Qatar, a believer in long-term contracts lasting as long as 15-20 years, feels it is in a strong bargaining position. Europe, for its part, probably only wants LNG up to 2030 at the latest, owing to its decarbonisation agenda.
Much will turn on Qatar’s elusive political trajectory. In The People Want: A Radical Exploration of the Arab Spring, the Lebanese academic Gilbert Achcar wrote about how Qatar’s previous emir, Sheikh Hamad bin Khalifa Al Thani, was different from his Gulf peers.
“Rather than automobiles, weapons and the hunt (the Gulf sheikh’s traditional pastimes) or even business, the post-independence generation’s more recent hobby,” he wrote, “the emir would appear to be enamoured of foreign policy,” using the state’s huge resources to pursue an international influence out of all proportion to the size of the state.
Qatar’s leaders insist they will still see the west as an ally and not just a location for investments. In a sign of Qatar’s importance to the US, Joe Biden in January officially appointed Qatar as a non-Nato strategic ally, a status few countries enjoy.
But it knows the enemies that surround it in the region may have withdrawn only temporarily and could return if, for instance, Donald Trump is re-elected. It was Trump who in effect give his blessing to a Saudi-led effort launched in June 2017 to throttle the country’s independence by imposing a land, sea and air boycott. From that point, anything was fair game, including Qatar’s World Cup bid, as the two sides hacked into each other’s internet, spread disinformation and rendered the Gulf Cooperation Council obsolete.
Qatar, with its innovative Al Jazeera channel, had during the Arab spring infuriated Riyadh by showing its independent streak in backing Muslim Brotherhood groups in Libya, Syria and Egypt.
Qatar may well have only survived as an independent state because two members of the Republican administration, Rex Tillerson and Jim Mattis, managed to quell Trump’s support for the Saudi campaign. They pointed out that Qatar, far from being a pro-terrorism state, hosted the largest no-conditions-asked airbase in the Gulf, something Trump, enveloped in ignorance but courted by the Saudis, had overlooked.

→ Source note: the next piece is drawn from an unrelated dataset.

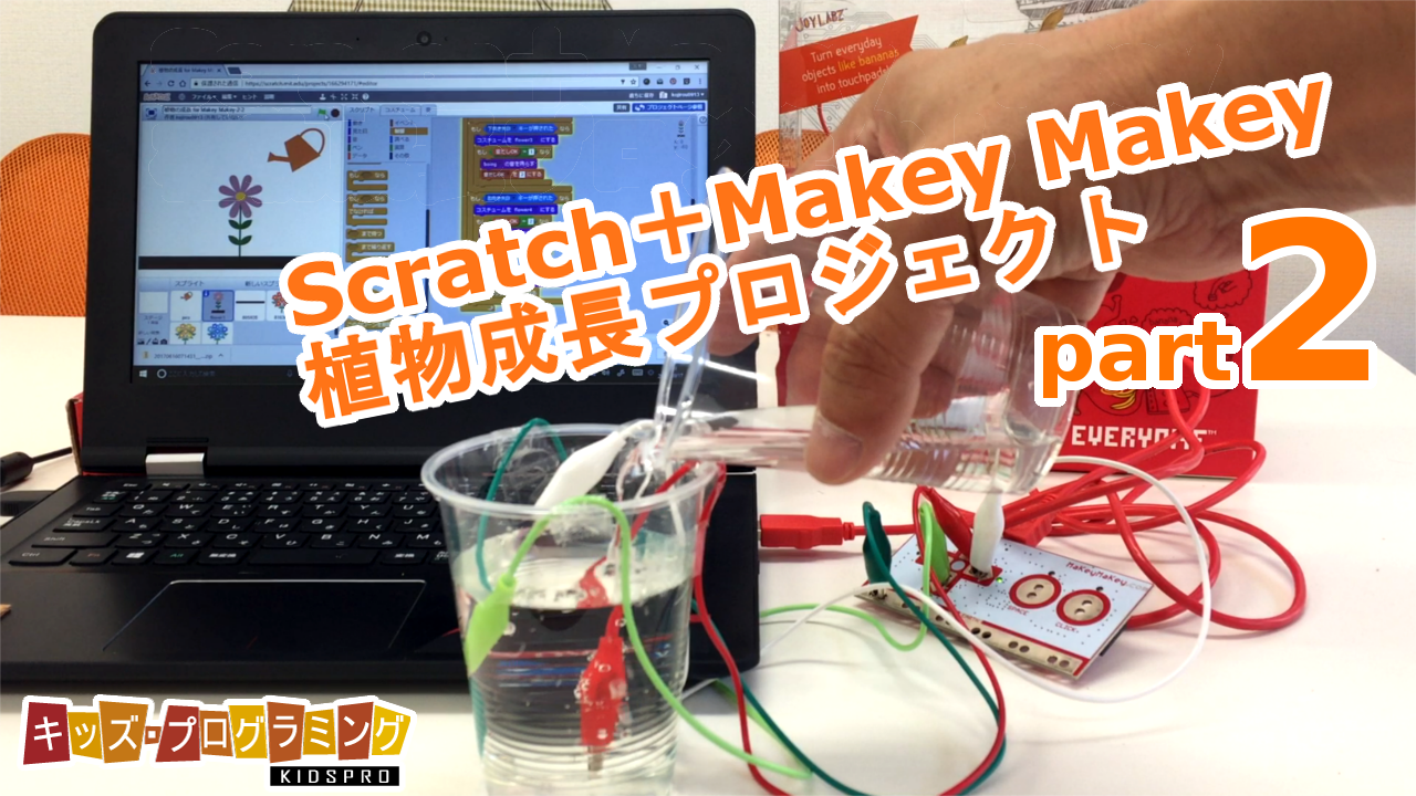 ホームMakey Makey Scratch+Makey Makey連動「植物成長プログラム」動画説明-2/2 2017年6月20日2019年10月11日 SHARE ポスト シェア はてブ LINE KIDSPRO パソコンの矢印キーなどを「野菜」「果物」「粘土」など電気を通す物に変える事が出来るMakey Makeyを使い、コップに水をそそぐと花の芽が成長し、つぼみになり、花が咲くScratch(スクラッチ)プロジェクトを作りました。 2/2回目の動画説明では、変数を使って矢印キーを押すと一度だけ音が出るスクリプト、Makey Makeyの接続方法に関する説明します。 KIDSPRO Scratch+Makey Makey連動「植物成長プログラム」説明動画

Since the end of the blockade in 2021, the core differences in the Gulf remain. Qatar has continued to base its approach to geopolitical security on gas, soft-power projects such as the World Cup, and ferocious international diplomacy.
Qatar’s foreign ministry acts like a mini UN mediation service, hosting radical groups such as Hamas and the Taliban, not out of support but instead in pursuit of conflict resolution and dialogue. From Darfur to Afghanistan to Iran, it offers its services with mixed outcomes.
It is an irony that this advocate of dialogue and mutual understanding has found it impossible to stop the World Cup turning into such a divisive event.